Thursday, November 17, 2016

2 comments   |  

Ibu Pt. III: Anak dalam Kepitan Ketiak Ibu



Ibu belakangan jadi topik menarik ya di sini. Beberapa orang jadi penasaran dengan karakter Ibu saya yang sebenarnya. Tak sedikit pula yang mendoakannya cepat sembuh.

Kabar terakhir, Ibu baru selesai operasi. Tapi bukan operasi usus buntu seperti yang diceritakan postingan sebelumnya. Usus buntu adalah diagnosis pertama yang salah. Selanjutnya dia diduga punya kista.
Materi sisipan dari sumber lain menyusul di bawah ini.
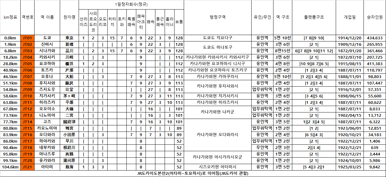 단선/복선구분 : 도쿄~오다와라간 복복선, 오다와라~아타미간 복선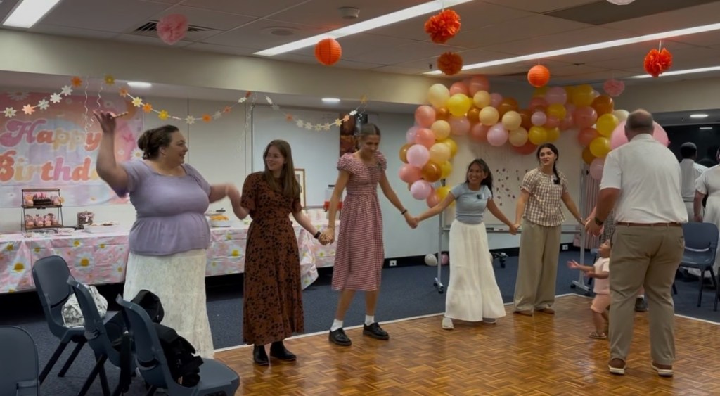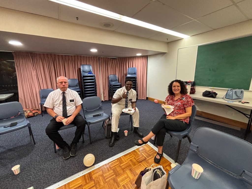 Friday – Eric dropped Kaitlin and Nate off at the airport early in the morning. We helped with some lessons at the church then started decorating for a 50th birthday party for a friend in our group. Thankfully the missionaries helped put up all the “groovy” decorations and it looked great by 7:00 pm when the party was supposed to start. I started getting a bit nervous when the guest of honor didn’t arrive until 40 minutes later. It turned out to be a fun evening with music, dancing, games and snacks. A HUGE shout out to our missionaries (Hyde Park and Summer Hill) for all their help setting up, cleaning up AND being AWESOME party guests!

Tapi dokter masih belum yakin, sehingga dilakukan foto abdomen ulang, dan sejumlah USG. Diagnosis berikutnya bikin lebih ngeri. Kata hasil laboratorium, Ibu terkena Ileus Obstruktif. Sederhananya, ia adalah penyumbatan usus. Tapi risikonya parah. Bila tak ditangani dalam waktu 36 jam, maka kemungkinan meninggal bisa sampai 25-30 persen.

Padahal hasil lab terakhir itu keluar saat Ibu sudah diinapkan empat hari di rumah sakit. Saya sempat bikin gaduh di rumah sakit, karena penanganan mereka yang terlalu lama dan terkesan sepele. Tapi setelah Ibu dianjurkan CT Scan, barulah penyakit di perutnya mulai terang juntrungannya.
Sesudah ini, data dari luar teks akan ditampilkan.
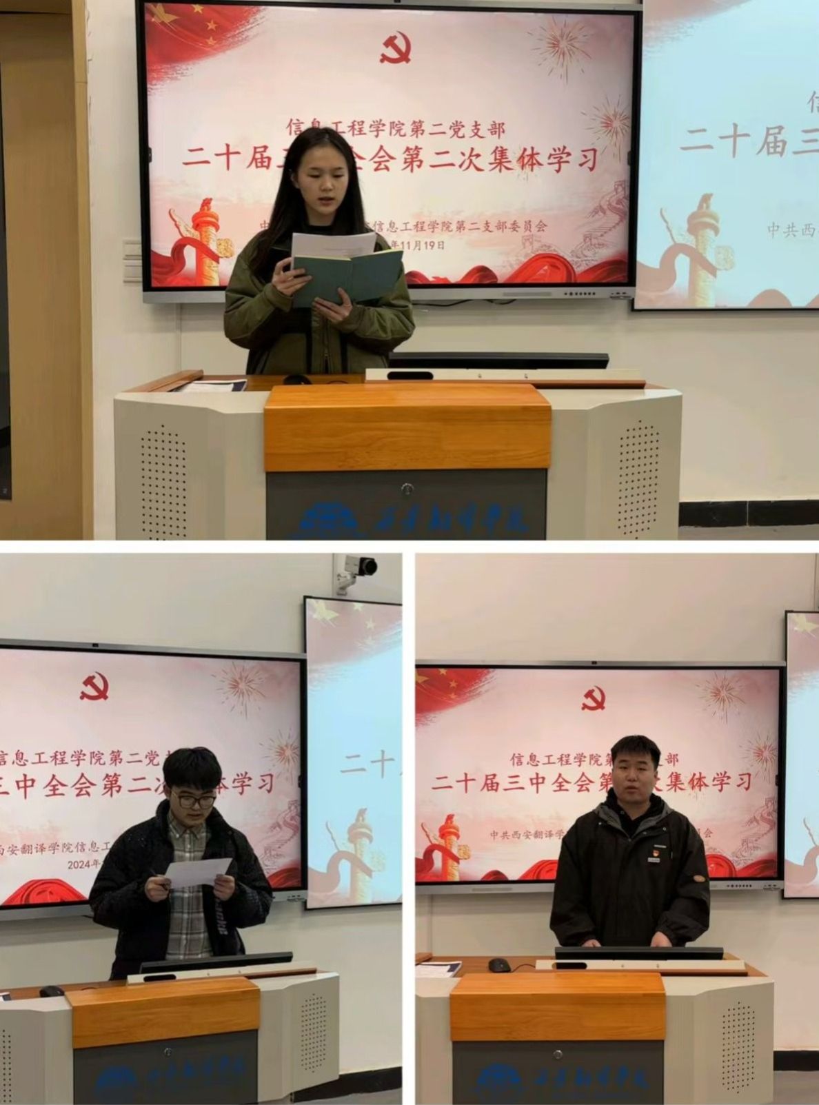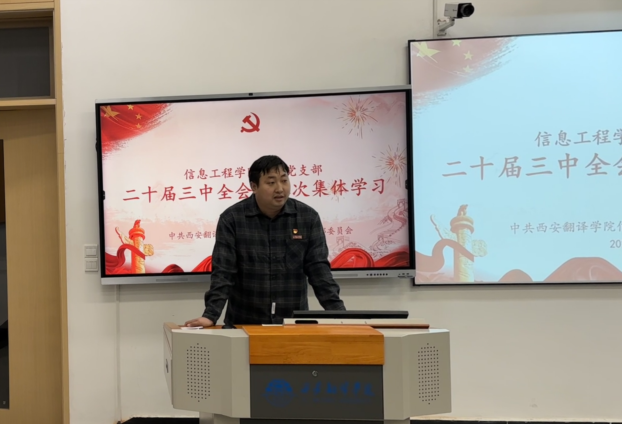 党的领导是进一步全面深化改革、推进中国式现代化的根本保证。为进一步深入学习贯彻党的二十届三中全会精神,做到深刻领会、准确把握全会精神的实质和丰富内涵。2024年11月19日,信息工程学院第二党支部于723T召开学习贯彻党的二十届三中全会精神专题学习会。会议由支部宣传委员李卫刚同志主持,支部全体党员、预备党员参加此次会议。

Ia rupanya memelihara tumor di rahim. Tak main-main ada tiga sekaligus. Satu di kanan, satu di kiri, dan lainnya di ujung rahim. Sehingga ia harus melalui dua kali operasi.
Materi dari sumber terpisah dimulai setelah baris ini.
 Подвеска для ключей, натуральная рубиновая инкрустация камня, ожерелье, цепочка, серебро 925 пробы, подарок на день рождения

Operasi terakhir rampung Rabu lalu. Kini ia masih kepayahan jalan karena luka operasi yang belum kering. Oh ya, separuh indung rahim kirinya ikut dipotong karena tumor yang tumbuh di sana lebih berbahaya. Gara-gara ini, Ibu kemungkinan besar tidak akan menstruasi lagi di umurnya yang masih 46 tahun.

Dua bulan ini jelas adalah masa-masa paling sulit. Ibu adalah oli penggerak keluarganya. Kealpaannya karena sakit jelas membuat yang lain ikut tertatih-tatih. Saya sendiri lebih 10 hari berturut-turut tidak masuk kantor karena harus kena shift jaga Ibu.

Selain sakit di perutnya, Ibu juga punya diabetes yang cukup menyusahkan proses pengangkatan tumor. Angka gula darah yang terlalu tinggi akan membuat luka operasinya susah kering. Sehingga dua bulan ini, salah satu masa tersulit adalah ketika harus memantau turun naiknya gula darah Ibu.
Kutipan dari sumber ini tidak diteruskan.